# How Gradient Descent Optimization Works for Minimizing Error

We already learn how we can use newton method to minimize error iteratively here. In this post, we will discuss about how we can use gradient descent method to minimize error interatively. When we later talk about neural network (deep neural network will be deep learning), we can say that understanding gradient descent is half of understanding neural network. And in fact, gradient descent is really easy to understand, likewise neural network. It’s true and not exaggerated 😀

Let’s talk about how gradient descent works first. This is also used in other machine learning methods, such as in logistic regression for binary classification here. Let’s assume we have function shown picture below to be minimized.

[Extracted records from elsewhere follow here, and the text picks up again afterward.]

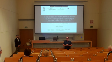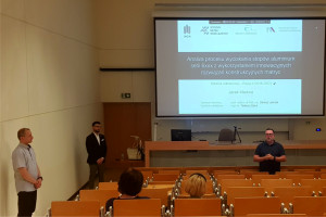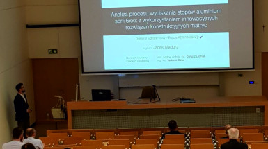 W dniu 10 czerwca 2022 r. podczas seminarium na Wydziale Metali Nieżelaznych AGH w Krakowie doktorant Jacek Madura wygłosił referat dotyczący wyników badań nad procesem wyciskania profili ze stopu EN AW-6005A dla budownictwa z wykorzystaniem oryginalnej konstrukcji matrycy komorowej ze specjalnymi wypustami profilującymi w kanałach wlotowych. Szczególnym osiągnięciem doktoratu wdrożeniowego jest maksymalizacja prędkości wypływu metalu z matrycy z poziomu ok. 25 m/min do poziomu ponad 40 m/min, przy równoczesnym zachowaniu parametrów jakościowych profili wyciskanych takich jak: tolerancje wymiarowe, własności mechaniczne, czy chropowatość powierzchni. W wyniku doktoratu powstało znakomite narzędzie do prognozowania warunków utraty wytrzymałości w narzędziach/matrycy oraz warunków utraty stateczności materiału w wyciskanym stopie z wykorzystaniem hybrydowego (połączonego) kryterium pękania Cockrofta-Lathama i Freundental'a. Przełoży się to na znaczne obniżenie kosztów wdrażania matryc będących przedmiotem doktoratu, ale przede wszystkim matryc czekających w kolejce na optymalizację ... :)
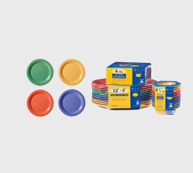 Description: Diamond Mardi Gras™ Plate, 7-1/4" dia., round, narrow rim, break-resistant, dishwasher safe, BPA free, melamine, mix pack of 4 Mardi Gras™ colors (tropical yellow, rio orange, peacock blue & rainforest green), NSF (special packaging)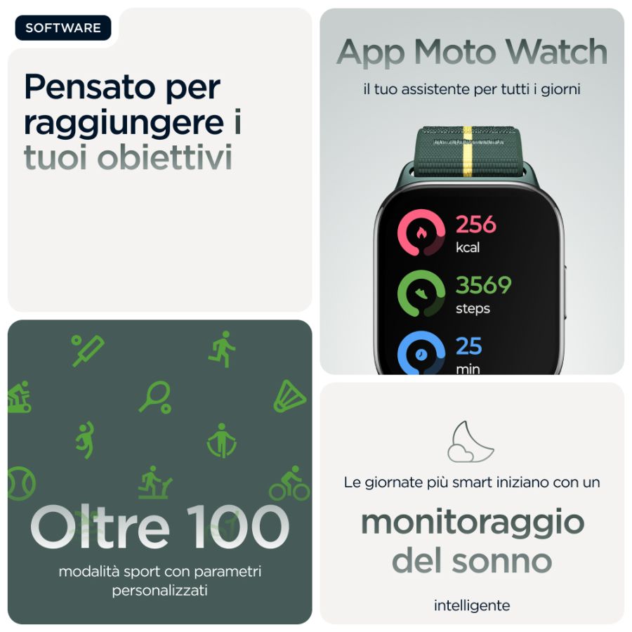 Finalmente uno smartwatch che oltre ad aiutarti a restare in forma fa anche una dichiarazione di stile. Ti presentiamo Moto Watch Fit. Usa il grande e luminoso schermo OLED da 1,9 pollici per interagire perfettamente con le tue statistiche e attività. Goditi un design elegante, moderno, ultrasottile e leggero e una gamma di cinturini, in un colore Trekking Green selezionato da Pantone®, o scegli tra un numero in crescita di cinturini compatibili(1), oltre a una serie di quadranti.(2) Mantieni il controllo con l'eccezionale integrazione Android(2), che tu stia saltando una canzone o ricevendo delle notifiche. Migliora le tue prestazioni con il monitoraggio avanzato di fitness e salute. Proteggi il tuo orologio con la protezione per l'immersione in acqua IP68, una resistenza alla pressione di 5 ATM e Corning® Gorilla® Glass 3.(3) Approfitta di fino a 16 giorni di durata della batteria(4), per goderti le tue attività senza interruzioni. Moto Watch Fit è smart in tutti i sensi.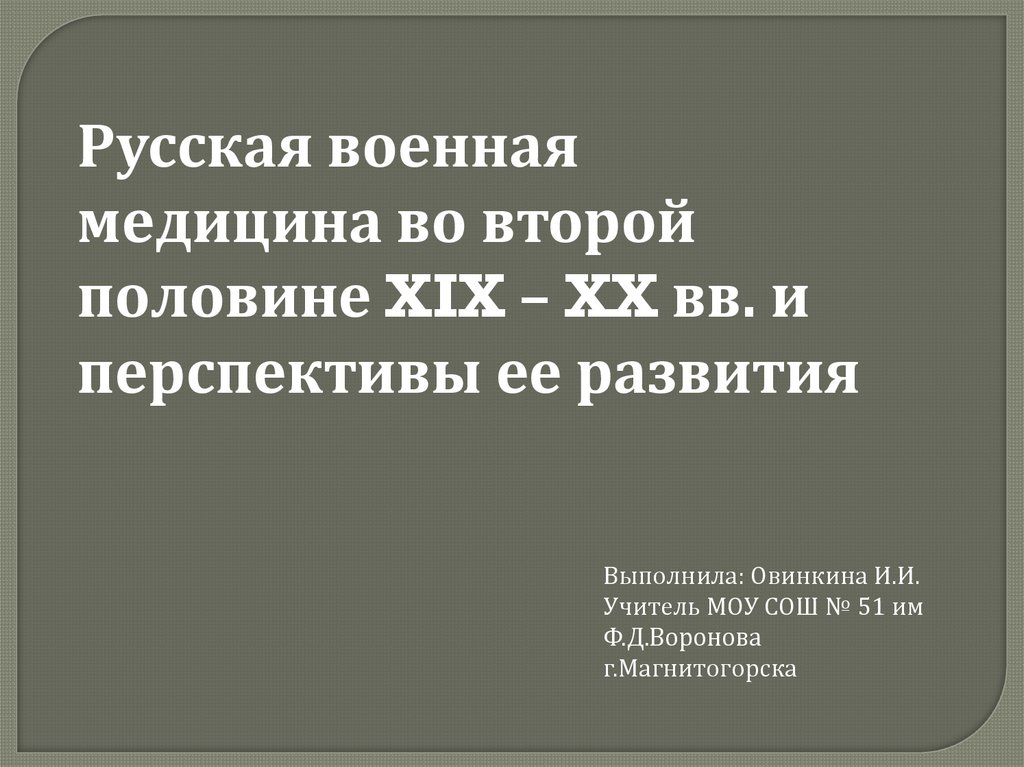 Русская военная медицина во второй половине XIX – XX вв. и перспективы её развития

Our goal is to find the value of $x$ that minimizes $Y$. In the picture above is the pink point. To achieve that point, we will use the gradient information, and we know that gradient actually represents the slope our our function. Then case is, when we have positive gradient, the curve $Y$ will increase when $x$ increases. And when we have negative gradient, the curve $Y$ will decrease when $x$ increases. Thus, how to update our $x$ value so that our $Y$ decreases constantly? The answer is by subtracting our current $x$ with the gradient, specifically weighted gradient. In this case, weighting value will be how big step we want to make in every interation update. Mathematically, gradient descent is written as follow. $x_{n+1}=x_n-\lambda \frac{df(x)}{dx} \\\\ \boxed {x_{n+1}=x_n-\lambda \frac{dy}{dx}}$

Let’s put an example for clearer understanding. In picture above, we assume that we have $Y=f(x)=\frac{1}{2}x^2$. We will demonstrate how we can reach pink point minimizing $Y$ value, in this case the pink point will be $x=0$. Let’s say we are now in $x=10$. Here is how we update our $x$ in every iteration. $\frac{dy}{dx}=\frac{df(x)}{dx}=\frac{d[\frac{1}{2}x^2]}{dx}=2\frac{1}{2}x=x\\ let\,weighting\,value\,\lambda=0.5\\\\ iteration\, 1:\\ x_n=10\\ x_{n+1}=x_n-\lambda \frac{df(x_n)}{dx}=x_n-\lambda x_n=10-0.5(10)=5\\\\ interation\,2:\\ x_n=5\\ x_{n+1}=x_n-\lambda \frac{df(x_n)}{dx}=x_n-\lambda x_n=5-0.5(5)=2.5\\\\ interation\,3:\\ x_n=2.5\\ x_{n+1}=x_n-\lambda \frac{df(x_n)}{dx}=x_n-\lambda x_n=2.5-0.5(2.5)=1.25\\\\ interation\,4:\\ x_n=1.25\\ x_{n+1}=x_n-\lambda \frac{df(x_n)}{dx}=x_n-\lambda x_n=1.25-0.5(1.25)=0.625\\\\ interation\,5:\\ x_n=0.625\\ x_{n+1}=x_n-\lambda \frac{df(x_n)}{dx}=x_n-\lambda x_n=0.625-0.5(0.625)=\boxed{0.3125}$

In only 5 iterations, we already get $x=0.3125$ which is closed to the pink point we already know for this case, which is $x=0$. We can just continue to iterate it, and it will be converged at $x=0$ in our case here. Easy, right?

In machine learning, our $Y=f(x)$ will be our error function/loss function. And by using this gradient descent method, we will try to minimize our error in every iteration update. Again, weighting value $\lambda$ here is how big step we want in every iteration update. Bigger $\lambda$, faster to converge, and vice versa. But, bigger $\lambda$ can be not stable and even cause not being able to converge.

Maybe some of you will ask, how we can know the gradient value of our loss function? In fact we often cannot know the mathematical form of our loss function, not like in the example we know that it is $Y=\frac{1}{2}x^2$. How we can take first differential of it to get gradient? The answer is we will use discrete method when we will implement into a code in computer. In this case, our gradient will be $\frac{dy}{dx}=\frac{y_{new}-y_{old}}{x_{new}-x_{old}}$. “New” here means the value in current iteration, and “old” means the value we get in the previous iteration.

That’s all. Easy but powerful, right?